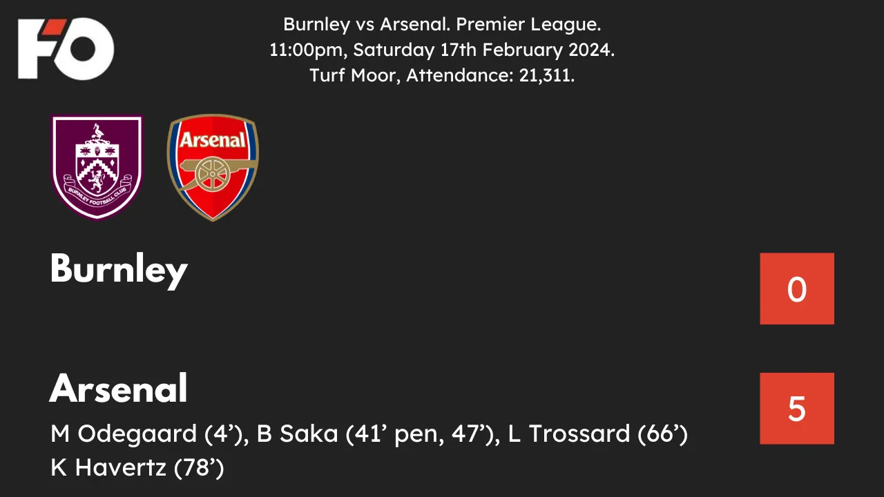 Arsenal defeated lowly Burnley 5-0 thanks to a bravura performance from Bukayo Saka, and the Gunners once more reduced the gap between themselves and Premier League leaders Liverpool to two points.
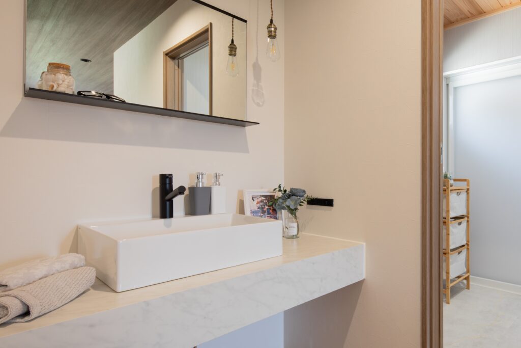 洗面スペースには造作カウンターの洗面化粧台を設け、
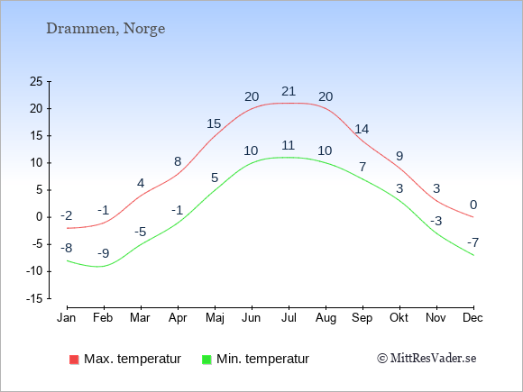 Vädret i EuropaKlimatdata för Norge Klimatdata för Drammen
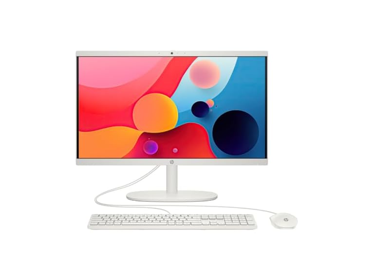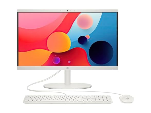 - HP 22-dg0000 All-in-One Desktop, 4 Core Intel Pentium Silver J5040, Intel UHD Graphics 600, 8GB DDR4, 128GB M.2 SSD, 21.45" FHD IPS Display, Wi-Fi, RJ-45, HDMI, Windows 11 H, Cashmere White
---
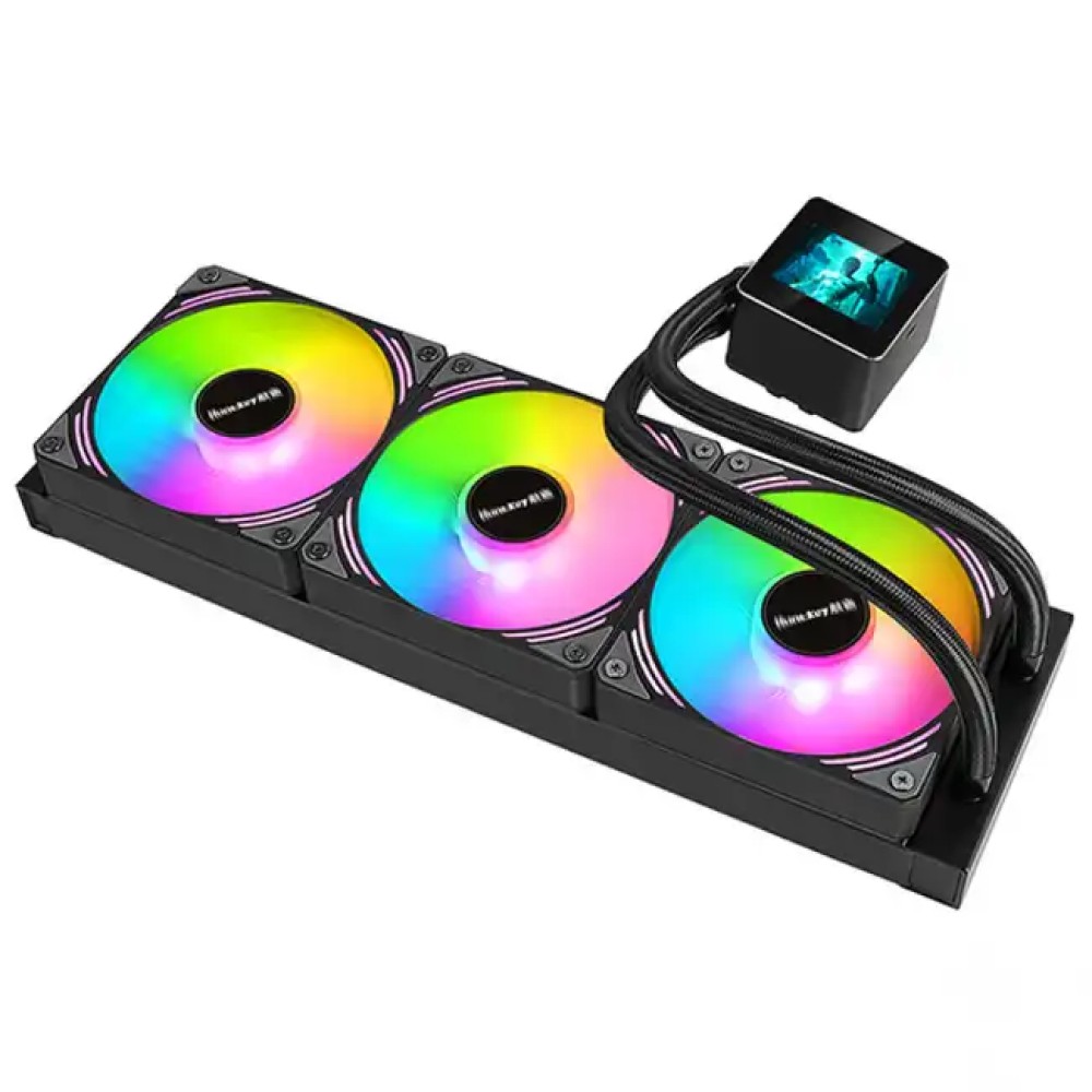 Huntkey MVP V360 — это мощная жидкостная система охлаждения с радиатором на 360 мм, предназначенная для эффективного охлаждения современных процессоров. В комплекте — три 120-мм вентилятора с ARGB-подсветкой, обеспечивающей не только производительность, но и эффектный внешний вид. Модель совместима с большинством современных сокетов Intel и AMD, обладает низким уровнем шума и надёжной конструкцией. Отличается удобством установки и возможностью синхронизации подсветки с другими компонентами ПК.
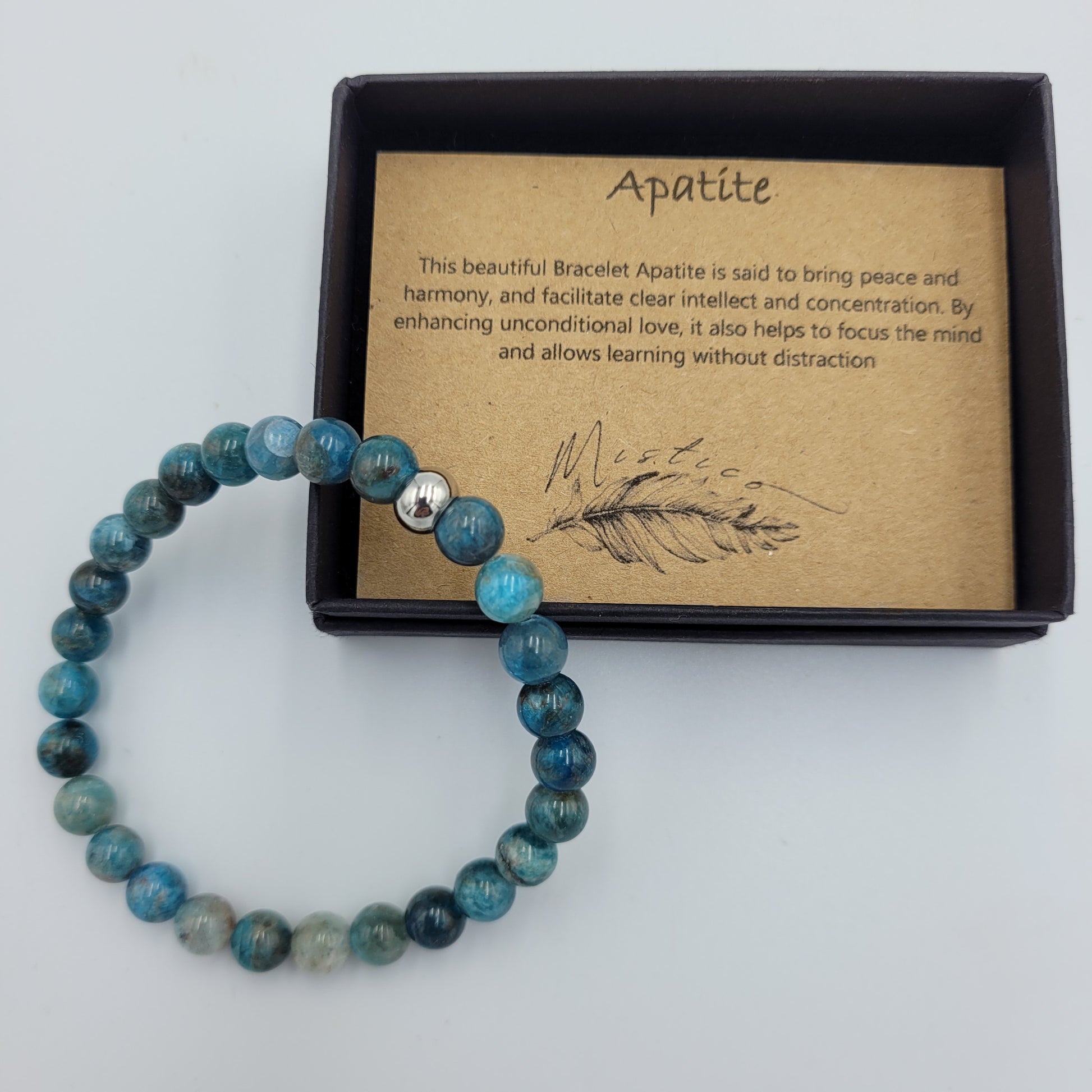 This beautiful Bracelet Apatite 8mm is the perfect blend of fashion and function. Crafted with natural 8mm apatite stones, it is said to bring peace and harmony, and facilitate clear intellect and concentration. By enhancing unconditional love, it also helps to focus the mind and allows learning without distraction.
--
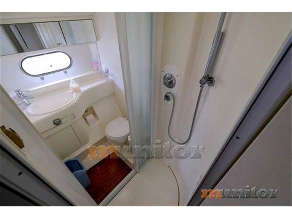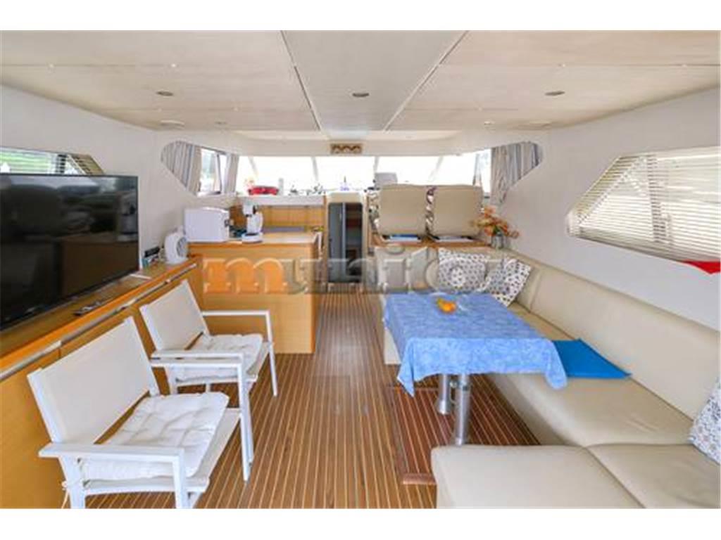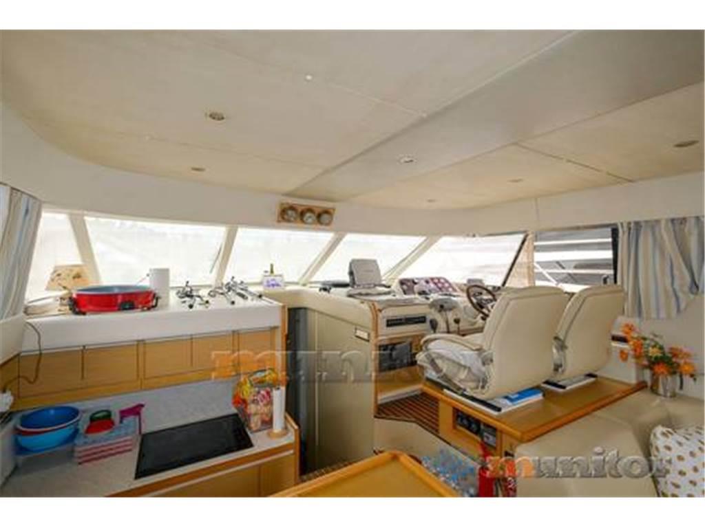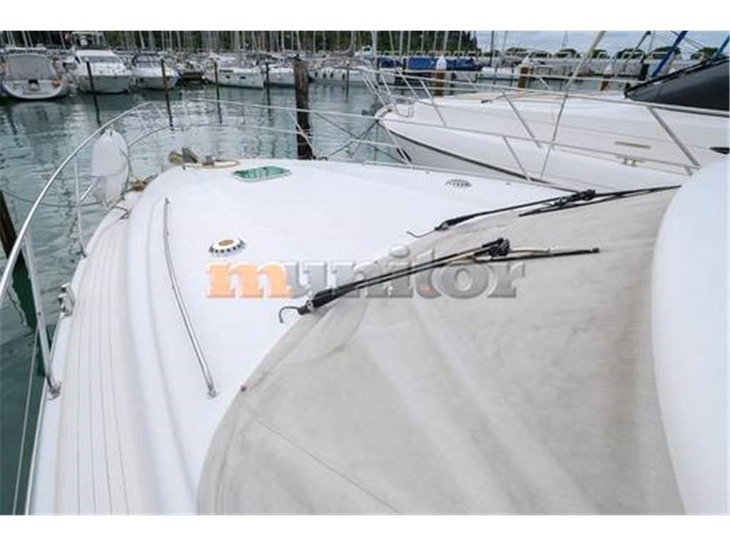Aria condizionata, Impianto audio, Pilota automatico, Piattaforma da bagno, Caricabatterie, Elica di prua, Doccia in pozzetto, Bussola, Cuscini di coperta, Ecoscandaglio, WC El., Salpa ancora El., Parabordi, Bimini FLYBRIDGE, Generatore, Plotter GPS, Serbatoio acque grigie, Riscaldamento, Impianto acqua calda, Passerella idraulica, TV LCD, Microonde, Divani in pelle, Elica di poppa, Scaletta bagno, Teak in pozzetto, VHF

How to complete this task
The data above holds the lines to copy: start at the one with "洗面スペースには造作カウンターの洗面化粧台を設け、", stop at the one with "- HP 22-dg0000", include both, copy them exactly without pictures, and copy nothing else.

Response for this exercise
 洗面スペースには造作カウンターの洗面化粧台を設け、
 Vädret i EuropaKlimatdata för Norge Klimatdata för Drammen
 - HP 22-dg0000 All-in-One Desktop, 4 Core Intel Pentium Silver J5040, Intel UHD Graphics 600, 8GB DDR4, 128GB M.2 SSD, 21.45" FHD IPS Display, Wi-Fi, RJ-45, HDMI, Windows 11 H, Cashmere White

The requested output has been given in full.